The plan of attack will be to check the boards in more detail, starting from the simplest possible cause and working up to full-scale board debugging. If necessary, connect a logic analyzer and observe all the relevant signals.

In my notebook (or your lab notebook), I created a list of each test I was going to perform, what I expected to see, and what I observed.

Tests to perform:

  1. 1. Using an ohmmeter, check for a short between the power and ground.
    Expected: Should measure some resistance greater than 0 Ω.
    Measured: 150 Ω.
  2. 2. Check power to board.
    Expected: All Vcc pins have + 5 VDC.
    Measured: Every Vcc pin measured 5.25 VDC.
    Comment: Used 5 V wall supply from lab kits, 1A DC current limit.
  3. 3. Check the parts. Are they properly inserted? Are they overheating? Do a thorough visual inspection, and then remove all parts from the socket, inspect the pins, and reinsert.
    Expected: All parts have been properly oriented and inserted in their respective sockets.
    Observed: All parts were properly inserted and no parts were excessively hot.
  4. 4. Check clock signal.
    Expected: 4 MHz, 0–5 Vpp (Vpp = peak to peak voltage) square wave observed at crystal oscillator output and at Z80 clock input.
    Observed: Clock looked good at the crystal and at Z80c clock input (pin 6).
    Comment: Used lab oscilloscope grounded to ground test point on the board.
  5. 5. Using a logic analyzer, check for open or shorted address, data, or status traces.
    Expected: Trace listing should agree with source code binary output.
    Comments:
    1. a. Used state mode.
    2. b. Triggered logic analyzer trace on exiting reset (~ RESET goes high).
    3. c. Concerned about software timing loop filling buffer.

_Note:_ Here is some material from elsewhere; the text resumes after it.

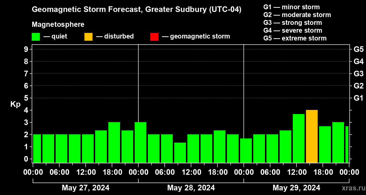 Geomagnetic storm forecast in Greater Sudbury for May 27, 2024

    Observed: Code executed properly and entered software delay loop, filling buffer. Problem does not appear to be shorted or open traces. Still did not observe display operation.
  6. 6. Check to see if code exits software delay loop.
    Expected: Code will properly exit the loop, indicating problem is somewhere else.
    Comments: Trying to eliminate software delay loop by reconfiguring logic analyzer trigger circuit to sequentially trigger. Set condition “A” to be the first address in the software delay loop and then set condition “B” to be the first address after the software delay loop.
    Observed: LA did not trigger. Software never exits the delay loop.
    Here is the first appearance of a clue. It doesn’t seem to be a hardware bug, but we can’t rule it out just yet. More tests are necessary. After scratching my head for a while, and rereading the help menu for the logic analyzer, I modified the trigger condition so that state “B” was any address outside the range of the software delay loop that the code is failing to properly exit.
    Before going any further, I need to write down what I just observed so that I have a data point to which I can return. Next, I repeated the test with the logic analyzer, but now with the modified trigger conditions. Set trigger sequence so condition “A” is the first address in the delay loop. Condition “B” is any address outside the delay loop.
    Observed: Logic analyzer triggered.
    Comment: Trace listing showed that the RESET went low and the processor began to reexecute the initialization code.
    Now I knew where the problem was; I just didn’t know why it was happening. Once in the delay loop, the processor would reset itself and start over. It never exited the loop to drive a new value to the display.
    The only way to generate a hard RESET signal is to push the RESET button, which I definitely was not doing, or for the RESET signal to be generated by the hardware. The suspect now was the micromonitor IC from Maxim. In addition to the power-on reset, reset button, and power supply monitoring, the micromonitor also has a watchdog timer. Could that be triggering and asserting RESET?
    I thought I understood how the part worked, but I went back to my data sheet and carefully read the section about the operation of the watchdog timer. According to my design, I left an input pin labeled TD, for timer delay, unconnected. When this pin is left unconnected, the watchdog timer will time out in 600 ms if it does not see an input on its STROBE pin. When the timer times out, it generates a RESET signal. I was using one of the status signals from the Z80 to prevent the watchdog timer from asserting RESET, but that signal was not active when the software was in the timing delay loop.
    In an incredible validation of Murphy’s Law, the watchdog timer timeout value and my timing delay loop were just about equal. There was just enough variability in the exact timeout delay in the DS1232 micromonitor chip so that most of the chips worked, but some did not. The simplest way to test this hypothesis was to take a working board and a defective board and swap the micromonitor chips. If the failure followed the chip, I knew the cause of the problem and rereading the data sheet gave me the solution.
  7. 7. Swap the micromonitor chips in a working and nonworking board.
    Observed: The failure follows the DC1232 chip.
    Proposed solution: Rewrite the delay loop code or change the watchdog timer timeout.
  8. 8. Connect a jumper wire from the TD input of the micromonitor chip to the Vcc. This should increase the timeout from 600 to 1200 ms.
    Observed: A board with this failure mode now worked properly.
    Once again, I stopped and documented what my tests had shown. I knew what was causing the problem and wrote down what I did to verify that I had indeed found the root cause of the problem. I also wrote down a possible software-only solution that would negate the need to solder a jumper wire on the 20 boards.
  9. 9. Rewrite the software delay loop to continuously output a signal to the STROBE input on the micromonitor chip so that I would not time out and generate any more errant RESET signals.
    Expected: All boards should now work without the need for a hardware jumper wire.
    Observed: All defective boards now worked.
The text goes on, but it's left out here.